I agree and I don’t think it’s subject to my NY ear. In many Southern accents they call the thing you write with what we call something you’d stick yourself with and spell p-i-n, a pin. And the majority in many such states don’t vote for the Dimocrats (not intended as an insult, just how it’s pronounced). :slight_smile:

In at least some Southern accents though the thing you’d stick yourself with I agree is more like a pee-in. Maybe in some sorta Southern places you write with a pin and stick yourself with a pin, and thus pen and pin are heterographs. Nut in the Old South in general I’d say not.

TIL from a zombie that the rest of the Anglophone world pronounces gnu with a silent G (except England where some seemingly consciously pronounce a hard G because of a comic song - imagine if the English all said keniggits as the default because of Holy Grail.)

Maybe it’s because the word comes from here, but I’ve always pronounced it with a hard G.

I assume the “long a” was a misprint for “long o.” But the vowel of ‘boor’ (rhymes with ‘lure’) is not what was called ‘long o’ when I went to school, IIRC. I think that sound was called ‘long u.’ ‘Long o’ was the vowel in ‘boat’ or ‘bore.’

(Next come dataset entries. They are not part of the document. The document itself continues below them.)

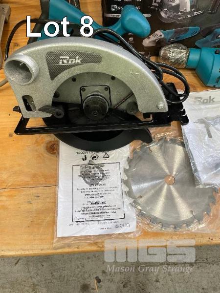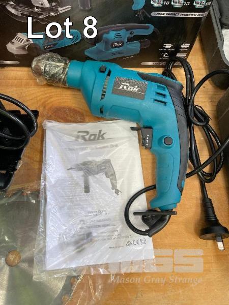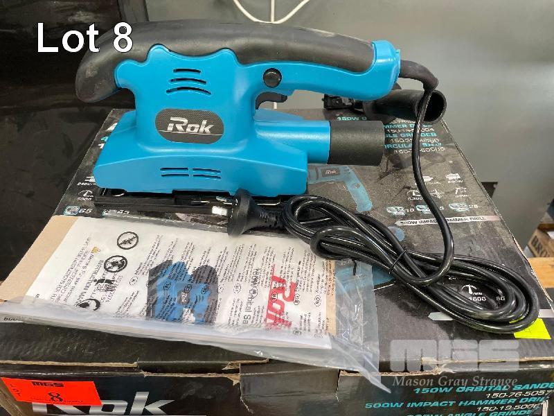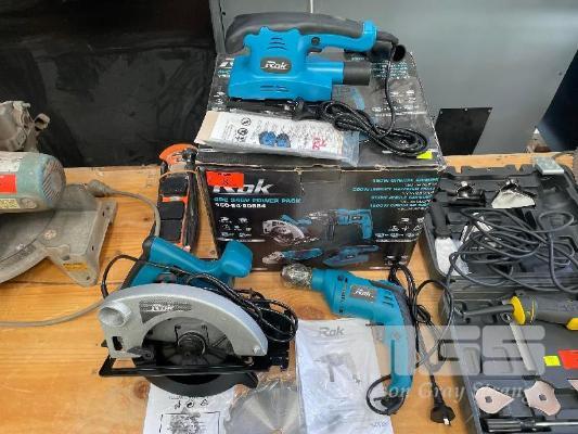 ROK POWER TOOLS INCLUDING, CIRCULAR SAW, 185mm, IMPACT DRILL, 13mm, ORBITAL SANDER, 150w, AS NEW WITH BOOKLETS & OUTDOOR POWER BOARD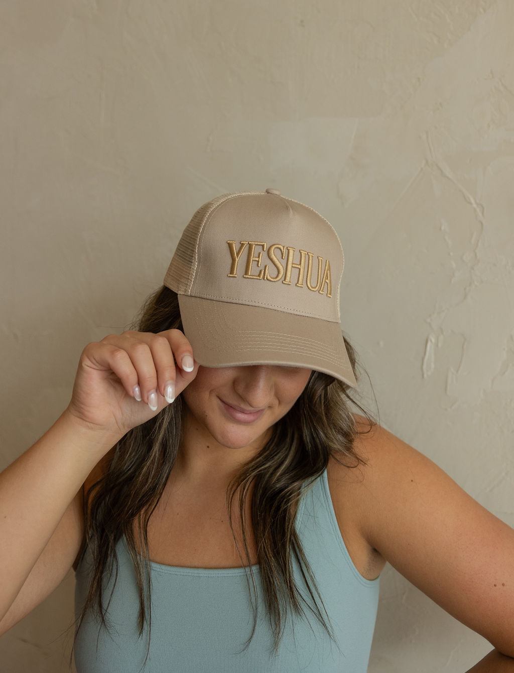 The "Yeshua" hat is a stylish and versatile cap that is more than just an accessory; it's a statement of faith and a reminder of the power in the names of God: Yeshua (to save, deliver).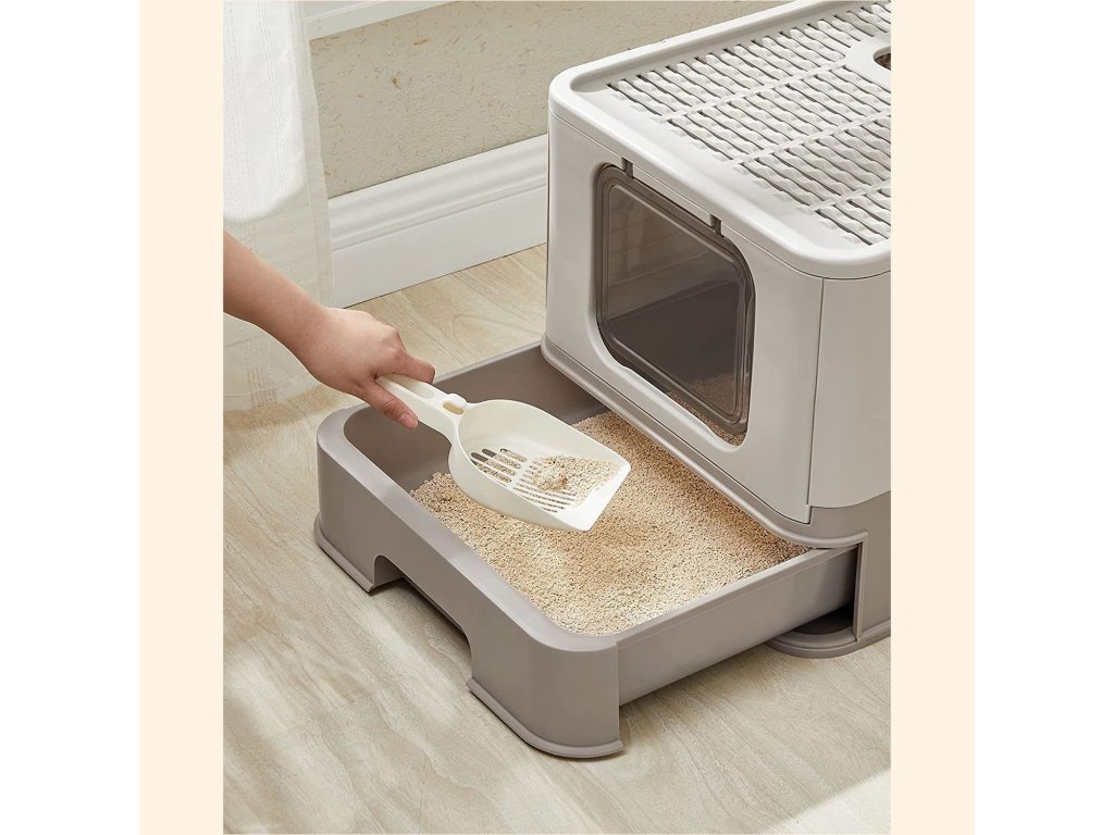 Zásobník na kočičí stelivo, 54.3x42.5x37.8cm, šedý Skládací výsuvný box na kočičí stelivo
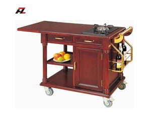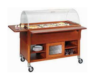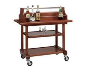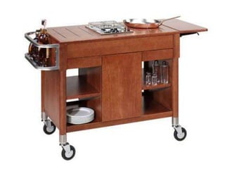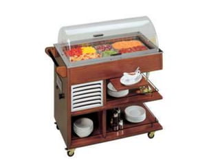 2. Trolleys are used for hors d'oeuvres, salads, food preparation/flambeing, cheeses, and liqueurs. Equipment includes flare lamps, gas stoves, chafing dishes, and carving boards.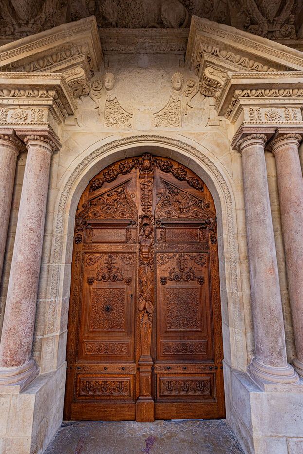 One of the edifice's major works of art is its carved wooden door, which is a faithful copy of the original work by Hughes Sambin (kept in the reserves of Dijon's Musée des Beaux-Arts), executed by M. Vassal of Paris around 1903. This large, arched door, made up of two panels, gave access to the great hall of the Palais du Parlement built in 1572 by Hugues Brouhée.
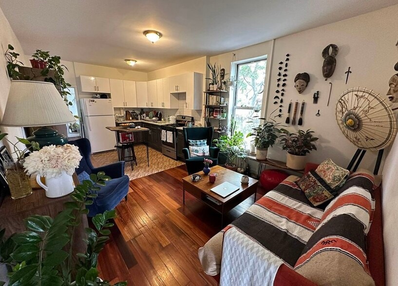 NO FEE!!!! GUARANTORS ACCEPTED!!! Must see 2 Bed 1Bath, spacious living area, eat in the kitchen, spacious bedrooms, hardwood floors, closet space, 1 walk in closet, naturally well-lit. -Subway J M Z -Laundry in the building ( $50 per month additional fee ) -Heat and Hot Water Included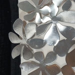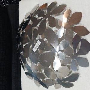 Pre-loved condition floral stainless steel bowls for use as an accent piece for any room in your home, office or celebration. The stainless steel gives these bowls extra stability and durability. Great decor piece that looks luxurious and expensive with zero assembly. Very versatile and I once nailed the bowls on my own kitchen wall. Handwash with damp cloth. Normal wear on bowls see pics but overall a great accent piece. 3 3/4" height 16 1/2" diameter.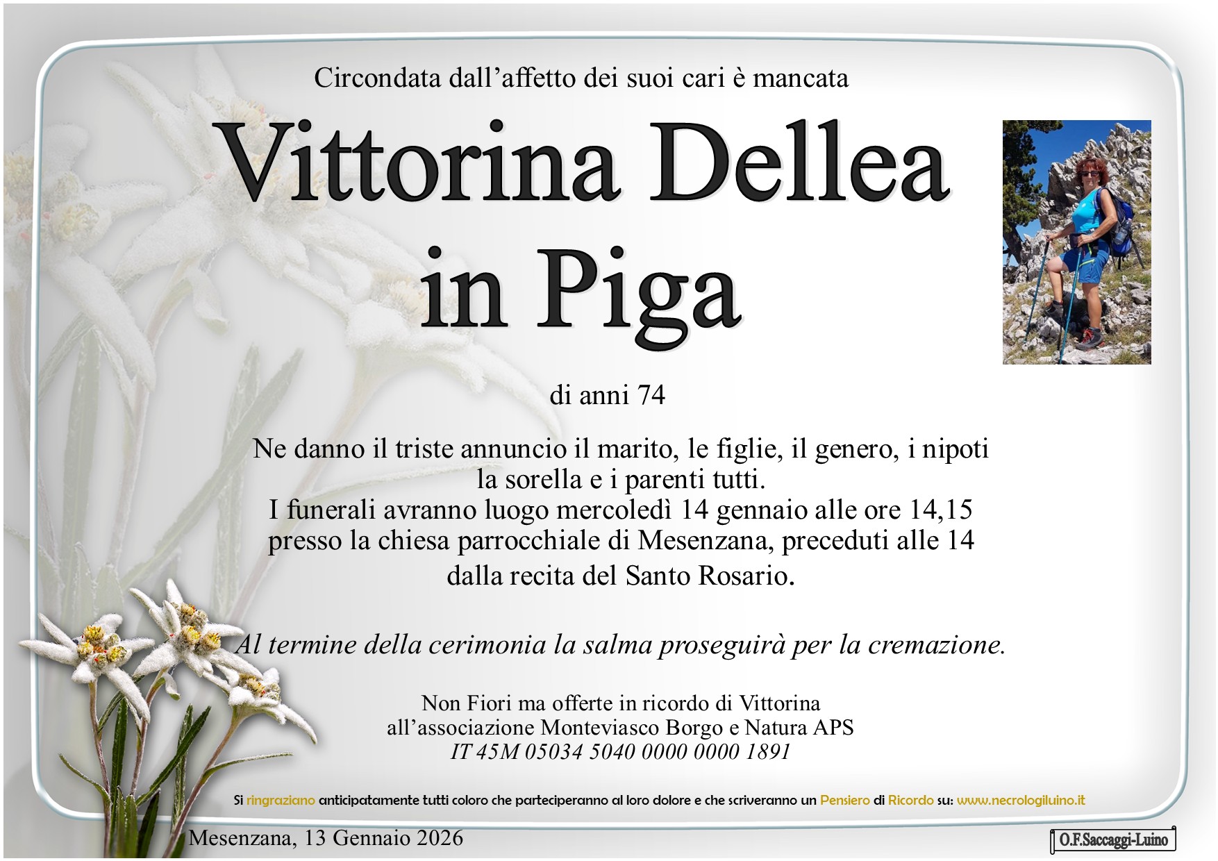I familiari ringraziano anticipatamente tutti coloro che parteciperanno alla cerimonia funebre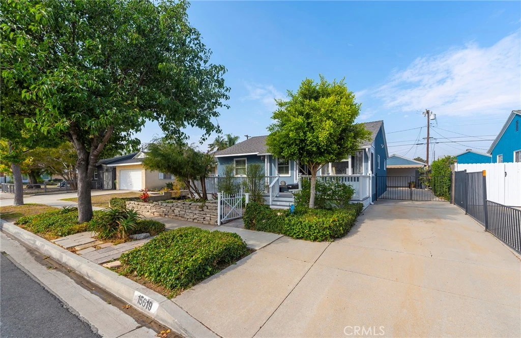 Welcome to this beautiful 4-bedroom, 2-bath home located in the desirable and prestigious El Camino Village of Lawndale. From the moment you arrive, you’re greeted by an expansive deck-style front porch perfect for relaxing and enjoying the neighborhood charm. The thoughtfully designed interior showcases a warm yet sophisticated ambiance, featuring an open formal dining area and a serene sitting space anchored by a beautiful fireplace with a classic mantel. Expansive sliding glass doors create a seamless indoor-outdoor living experience, opening to a tranquil garden retreat style back yard ideal for entertaining or peaceful moments of escape. The bright sunny bistro style galley kitchen is both charming and functional, offering abundant cabinetry, timeless appeal, and a delightful breakfast nook. Generously sized bedrooms provide comfort and versatility, while the tastefully decorated bathrooms reflect quality finishes and understated elegance. Custom shutters throughout the home add an elevated touch of style and privacy. A discreet laundry area is conveniently tucked away in its own closet area off the kitchen. A convenient secondary rear entrance providing effortless access from the long extended driveway. The serene backyard oasis leads to a detached two-car garage, completing this impeccably maintained property. Perfectly situated near desirable schools, shopping, El Camino College, and Alondra Golf Course, this exceptional home offers a rare blend of luxury, comfort, and prime location. An extraordinary opportunity not to be missed!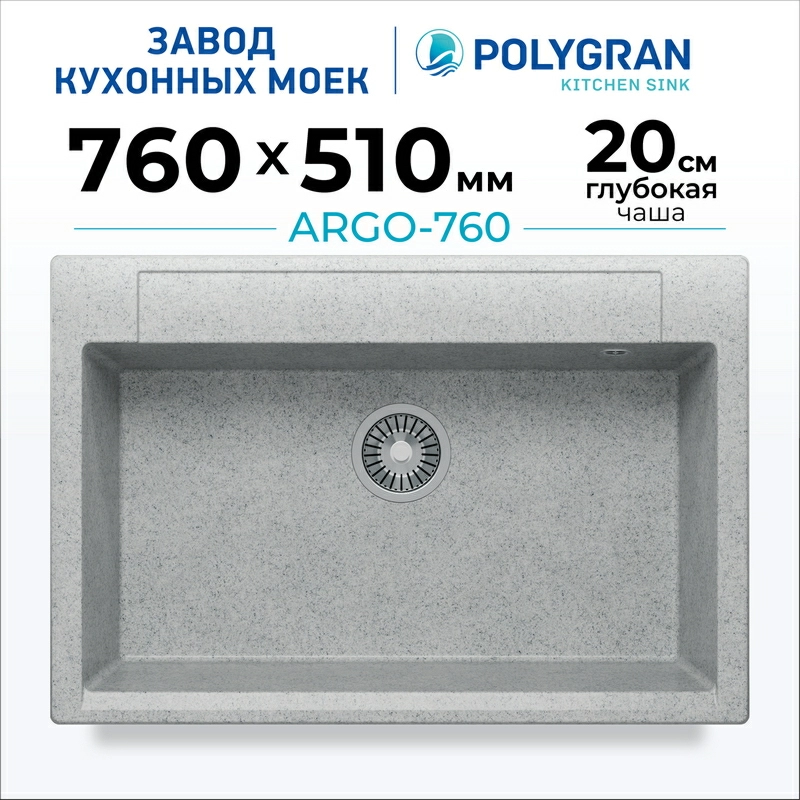 Мойка Argo 760 Polygran – лаконичная модель для изысканного интерьера. Изготовлена из искусственного камня, что обуславливает бесшумность и долговечность. Ее глубина позволяет мыть габаритную посуду без брызг.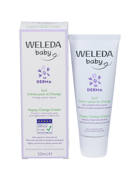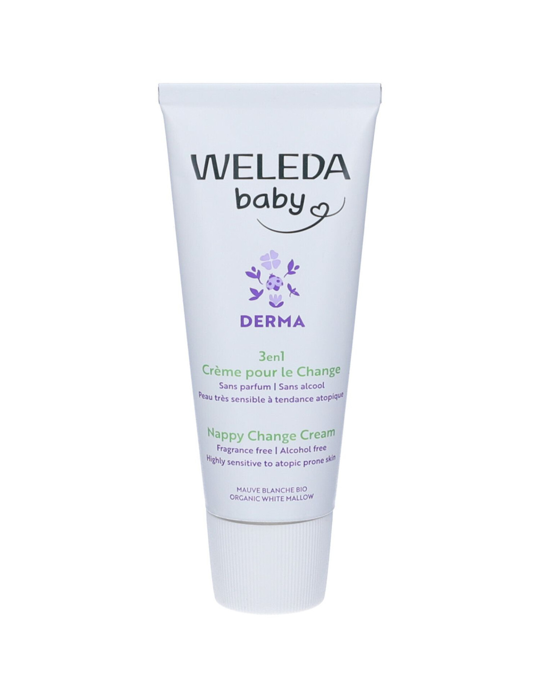 Baby Derma 3in1 Crema protettiva alla Malva Bianca di Weleda, lenisce la pelle delicata nella zona del pannolino e protegge efficacemente dall'eritema da pannolino riducendo il rossore, tubo da 50ml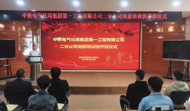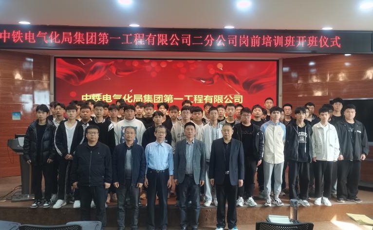3月29日上午,中铁电气化局集团第一工程公司第二分公司岗前训班开班仪式在我校智慧大讲堂举行。校企合作部副长寇斌、电信工程系副主任李军华、二分公司人力资源部部长李栓桩等和培训班47名学生参加。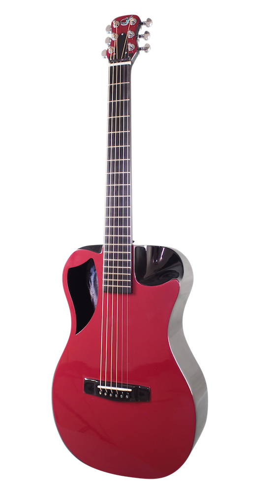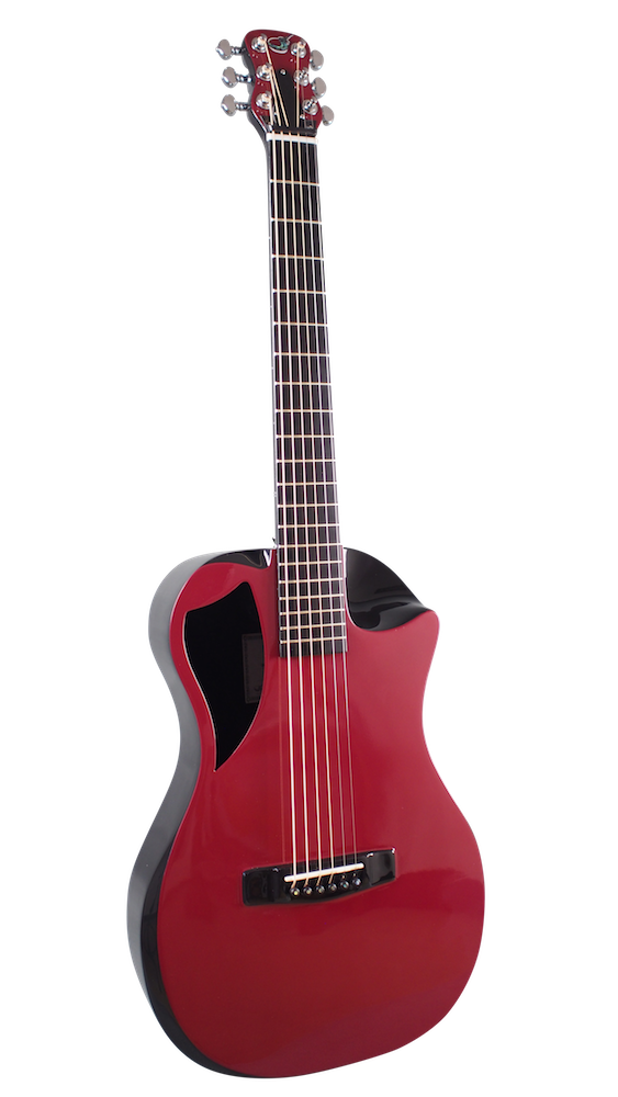 The burgundy gloss carbon fiber travel guitar collapses to carry-on size of 22*14*9 inches! It assembles in 20 seconds with our patented detachable neck system, and our patented soundboard technology and all-carbon construction create a durable instrument with massive tone. A full 24.5 inch scale, a versatile 1 3/4 nut width, best-in-class components, and a wedged ergonomic design make this the most enjoyable guitar you’ll ever play! Tri-piezo pickup and a full-featured TSA compliant carry-on backpack included.(If viewing product category list, click on product image on the left to view full specs, otherwise scroll down for specs and media.)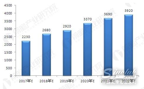首先,我国是世界第二大润滑油消费国,2016年中国润滑油表观消费量达到1300万吨,未来5年中仍将以每年5%左右的速度增长,预计到2022年,中国的润滑油消费量会超过美国。届时,2022年我国润滑油市场规模将达到3920亿元,需求规模翻一番。

I’m curious whether there’s any debate about the constraint ‘must work as a standalone word’. It seems key, otherwise loads of different characters have the same pronunciation, right? This is generally even more true in Korean with no morphological tonality, somewhat offset by ending vowel sounds and more variation in starting consonants and vowels aside from tone, eg. the characters above are se, seok, seo, ssi, seo and shi respectively in Korean. But there are for example 37 characters in the ‘okpyeon’ (a Korean Chinese character dictionary) app on my phone which are shi (시 in hangul). There are 7 standalone words (including two prefixes) shi (시) in an abridged dictionary:
市 (시) city
時 (시) time
詩 (시) poetry
시 (indigenous) a musical note
시 (indigenous) an exclamation like ‘damn!’
시- (indigenous) prefix, vivid, like a color
시-( 媤) prefix, pertaining to a woman’s in-laws

Going to just the next hangul-alphabetic entry in a Korean dictionary there are at least 9 two syllable words which are spelled 시가 in hangul, shi-ga, though only 6 are common enough to show up in abridged dictionaries:
市街 city street
市價 market price
始價 opening price (say of a stock)
時價 current price
時價 Chinese homophone for previous, length of note or rest in musical notation
媤家 one’s husband’s family
詩家 (less common word for) poet
詩歌 poems and songs or just poetry
시가 the English word ‘cigar’

Looking extensively, armed with a big dictionary, I’m sure someone could come up with phoneme combinations with more examples, of Korean heterographs in the sense of having different underlying Chinese characters (or Sino-Korean v indigenous/foreign loan), though in theory if two words in Korean are pronounced the same way they must be spelled the same way in hangul (with relatively few real world exceptions).